*PROBLEM TO WORK ON*: All that is needed is the first stretch of the listing below, repeated exactly and ending with the line that contains "Ein Single in". Pictures are to be left out.

━━ DATASET RECORDS

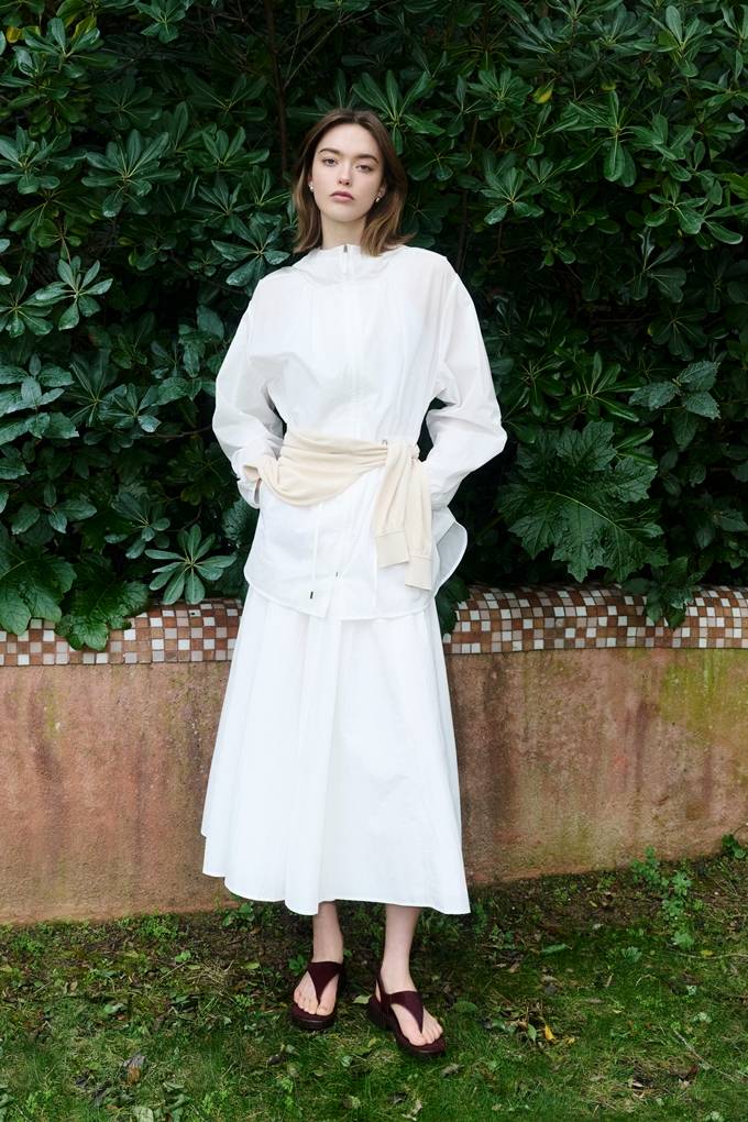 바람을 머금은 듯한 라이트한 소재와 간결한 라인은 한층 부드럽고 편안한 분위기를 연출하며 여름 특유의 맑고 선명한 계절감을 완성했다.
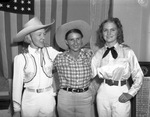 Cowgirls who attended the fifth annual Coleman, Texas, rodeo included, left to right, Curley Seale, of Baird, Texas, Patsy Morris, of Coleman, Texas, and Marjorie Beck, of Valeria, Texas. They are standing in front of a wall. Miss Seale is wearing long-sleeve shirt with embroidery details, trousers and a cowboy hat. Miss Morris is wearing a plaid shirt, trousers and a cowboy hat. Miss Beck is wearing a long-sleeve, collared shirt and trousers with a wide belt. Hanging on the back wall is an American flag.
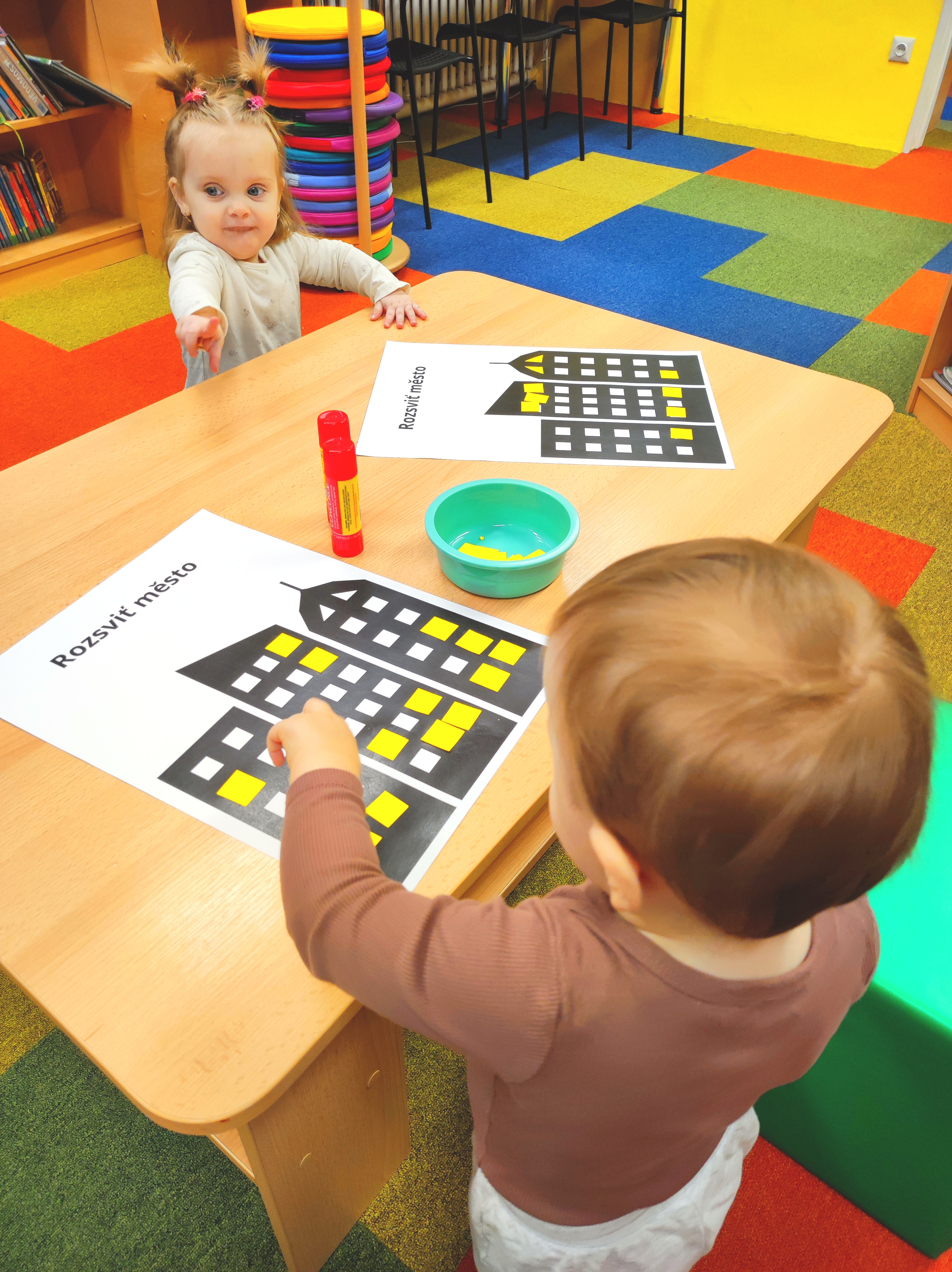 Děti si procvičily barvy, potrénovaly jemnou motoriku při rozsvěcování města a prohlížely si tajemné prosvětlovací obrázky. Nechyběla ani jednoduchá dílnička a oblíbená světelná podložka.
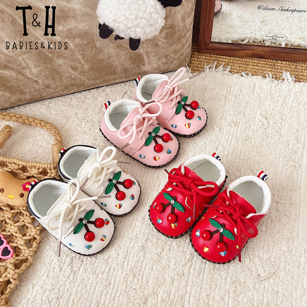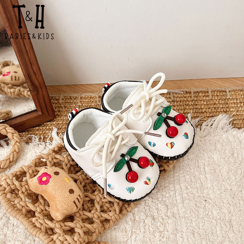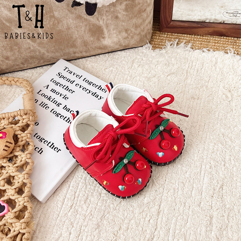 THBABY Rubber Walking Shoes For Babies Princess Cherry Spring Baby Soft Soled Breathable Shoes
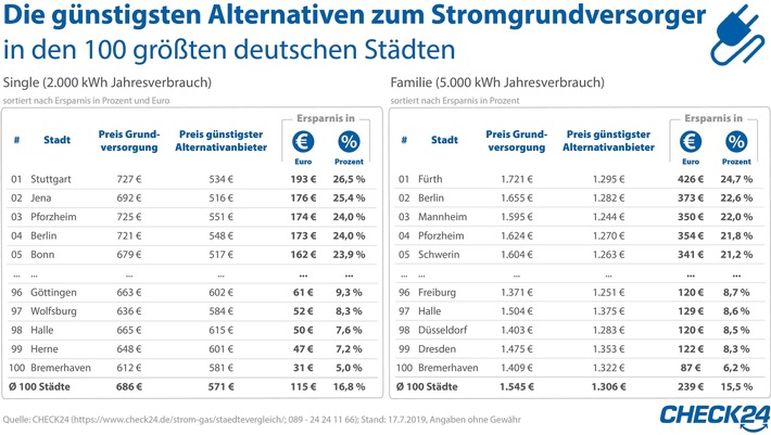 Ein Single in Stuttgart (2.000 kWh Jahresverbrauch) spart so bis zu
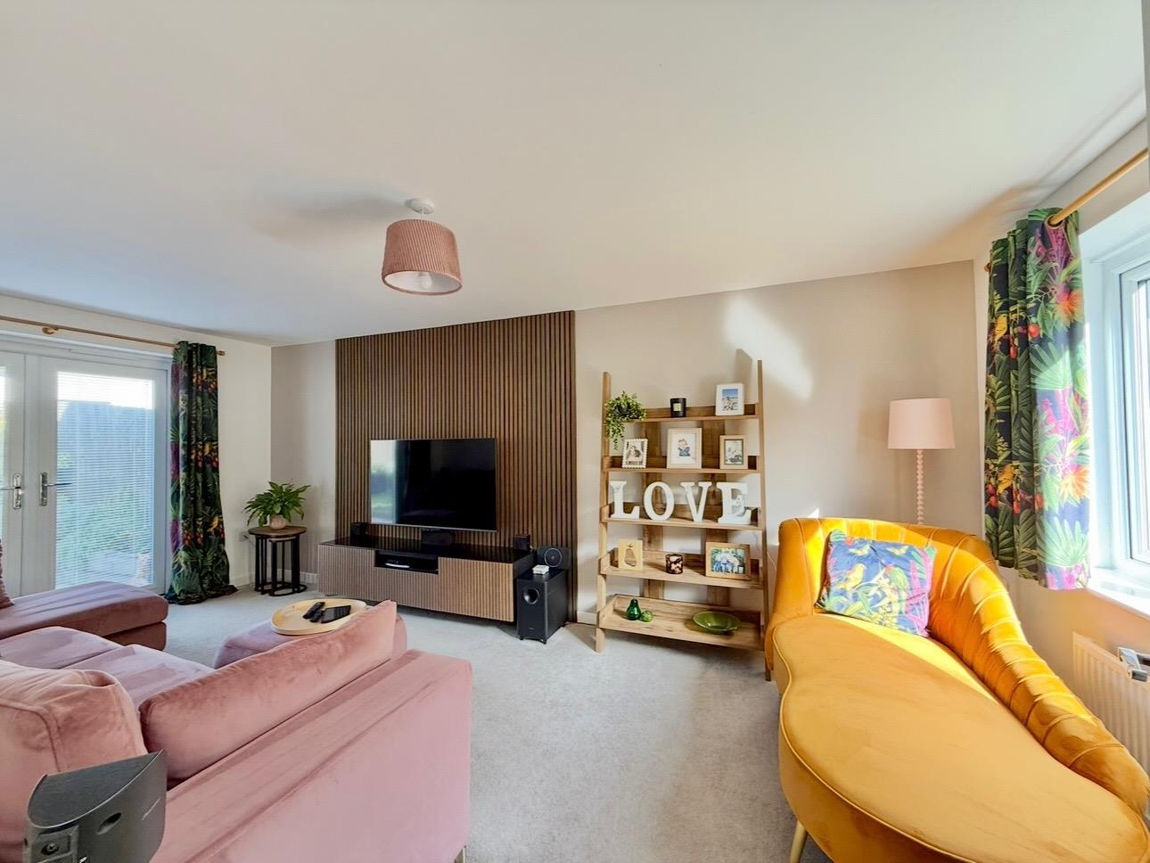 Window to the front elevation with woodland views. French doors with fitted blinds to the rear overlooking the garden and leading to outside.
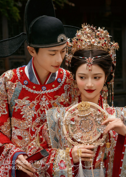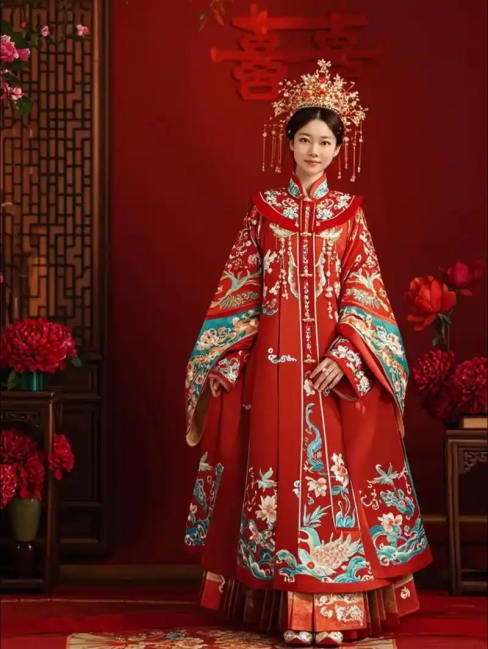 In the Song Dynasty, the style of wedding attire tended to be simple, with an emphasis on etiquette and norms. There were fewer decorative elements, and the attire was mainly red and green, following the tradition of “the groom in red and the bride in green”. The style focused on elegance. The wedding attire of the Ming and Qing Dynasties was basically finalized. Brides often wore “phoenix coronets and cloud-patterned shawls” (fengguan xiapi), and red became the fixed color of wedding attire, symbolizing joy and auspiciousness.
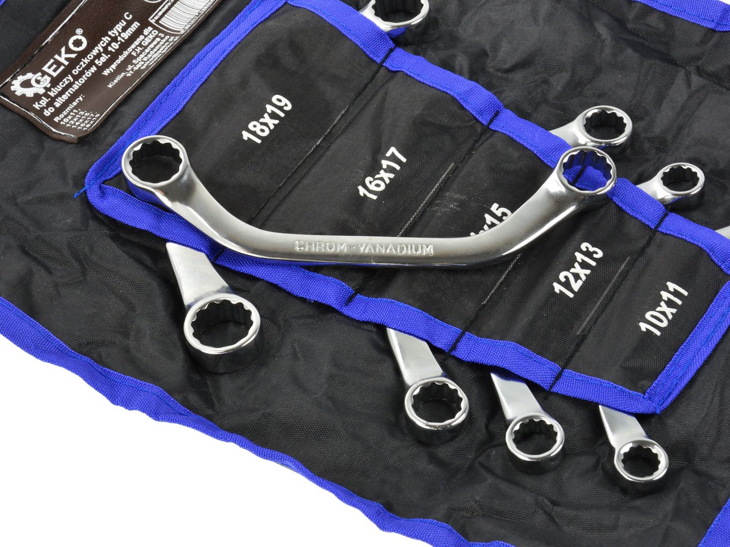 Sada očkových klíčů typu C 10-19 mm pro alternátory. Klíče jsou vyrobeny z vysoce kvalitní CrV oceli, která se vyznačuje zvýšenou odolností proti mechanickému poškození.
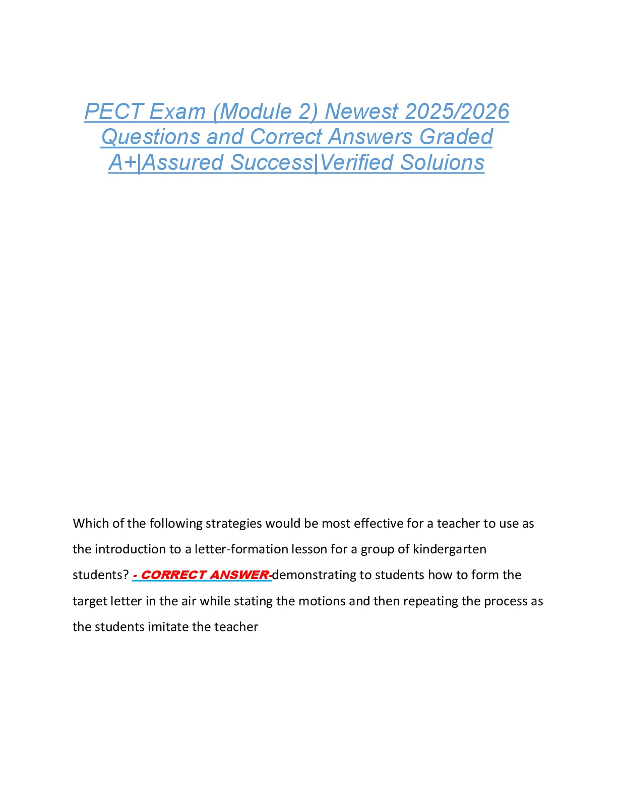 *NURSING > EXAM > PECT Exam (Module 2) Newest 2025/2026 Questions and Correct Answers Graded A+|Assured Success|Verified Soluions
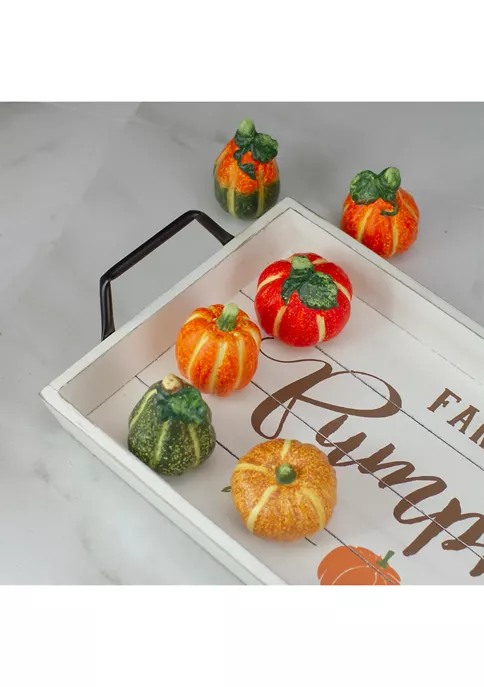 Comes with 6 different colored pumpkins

━━━━

*ANSWER BELOW*:
 바람을 머금은 듯한 라이트한 소재와 간결한 라인은 한층 부드럽고 편안한 분위기를 연출하며 여름 특유의 맑고 선명한 계절감을 완성했다.
 Cowgirls who attended the fifth annual Coleman, Texas, rodeo included, left to right, Curley Seale, of Baird, Texas, Patsy Morris, of Coleman, Texas, and Marjorie Beck, of Valeria, Texas. They are standing in front of a wall. Miss Seale is wearing long-sleeve shirt with embroidery details, trousers and a cowboy hat. Miss Morris is wearing a plaid shirt, trousers and a cowboy hat. Miss Beck is wearing a long-sleeve, collared shirt and trousers with a wide belt. Hanging on the back wall is an American flag.
 Děti si procvičily barvy, potrénovaly jemnou motoriku při rozsvěcování města a prohlížely si tajemné prosvětlovací obrázky. Nechyběla ani jednoduchá dílnička a oblíbená světelná podložka.
 THBABY Rubber Walking Shoes For Babies Princess Cherry Spring Baby Soft Soled Breathable Shoes
 Ein Single in Stuttgart (2.000 kWh Jahresverbrauch) spart so bis zu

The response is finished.